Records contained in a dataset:
=== Begin Enclosure ===
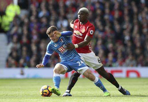 Earlier, Marcos Rojo's first Premier League goal, in the 23rd minute, was canceled out by former United player Josh King's penalty in the 40th after Phil Jones fouled Marc Pugh. That was Bournemouth's only shot on target.
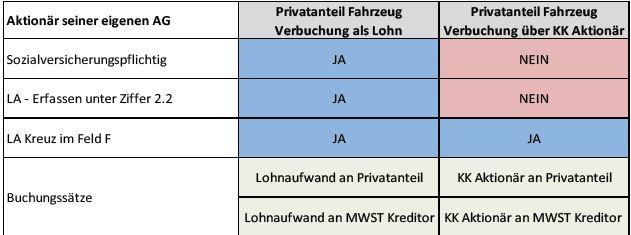 Nur im Falle des Aktionärs seiner Gesellschaft, da es sich um eine geldwerte Leistung (Gewinnausschüttung) handelt und daher als Vermögensertrag angesehen wird. Andererseits sind bei allen Steuerpflichtigen, die in einem Beschäftigungsverhältnis zum Arbeitgeber stehen, diese Privatanteile gemäss Ziffer 2.2 des Lohnausweises sozialversicherungspflichtig.
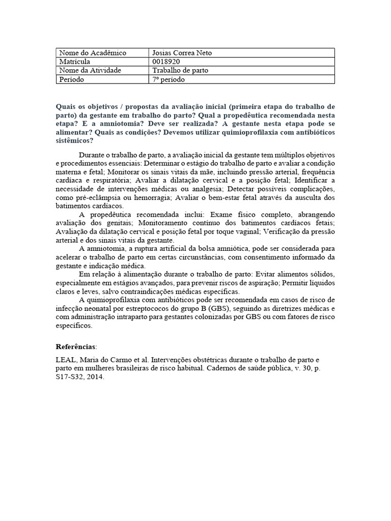 e procedimentos essenciais: Determinar o estágio do trabalho de parto e avaliar a condição
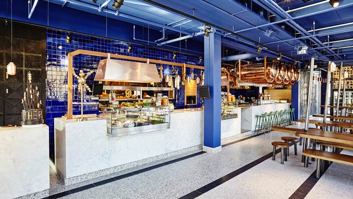烤肉店吧臺設計:設計師在設計中,將咖啡廳的吧臺模式融入空間之中,設計師希望烤肉店可以融入其他的元素在其中,在這里糕點、甜品、冷飲是對單一化的一種補充。
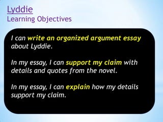 This document provides instructions for students to continue working on drafting an essay about the novel Lyddie and complete it for submission. It reminds students to use their planning pages and evidence from the novel, properly sandwiching any quotes. It notes the essay will be handed in and returned with comments that day. For early finishers, additional reading and reader's notes are assigned for homework, along with completing the book, in preparation for a quiz the next day.
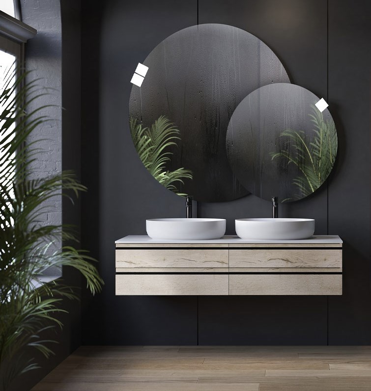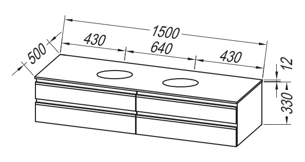 Alexis OA в различных размерах представляет собой подвесную тумбу и столешницу из искусственного камня Керрок.
=== End Enclosure ===
The response should repeat each record precisely and contain no pictures.

• Output for this exercise:
 Earlier, Marcos Rojo's first Premier League goal, in the 23rd minute, was canceled out by former United player Josh King's penalty in the 40th after Phil Jones fouled Marc Pugh. That was Bournemouth's only shot on target.
 Nur im Falle des Aktionärs seiner Gesellschaft, da es sich um eine geldwerte Leistung (Gewinnausschüttung) handelt und daher als Vermögensertrag angesehen wird. Andererseits sind bei allen Steuerpflichtigen, die in einem Beschäftigungsverhältnis zum Arbeitgeber stehen, diese Privatanteile gemäss Ziffer 2.2 des Lohnausweises sozialversicherungspflichtig.
 e procedimentos essenciais: Determinar o estágio do trabalho de parto e avaliar a condição
烤肉店吧臺設計:設計師在設計中,將咖啡廳的吧臺模式融入空間之中,設計師希望烤肉店可以融入其他的元素在其中,在這里糕點、甜品、冷飲是對單一化的一種補充。
 This document provides instructions for students to continue working on drafting an essay about the novel Lyddie and complete it for submission. It reminds students to use their planning pages and evidence from the novel, properly sandwiching any quotes. It notes the essay will be handed in and returned with comments that day. For early finishers, additional reading and reader's notes are assigned for homework, along with completing the book, in preparation for a quiz the next day.
 Alexis OA в различных размерах представляет собой подвесную тумбу и столешницу из искусственного камня Керрок.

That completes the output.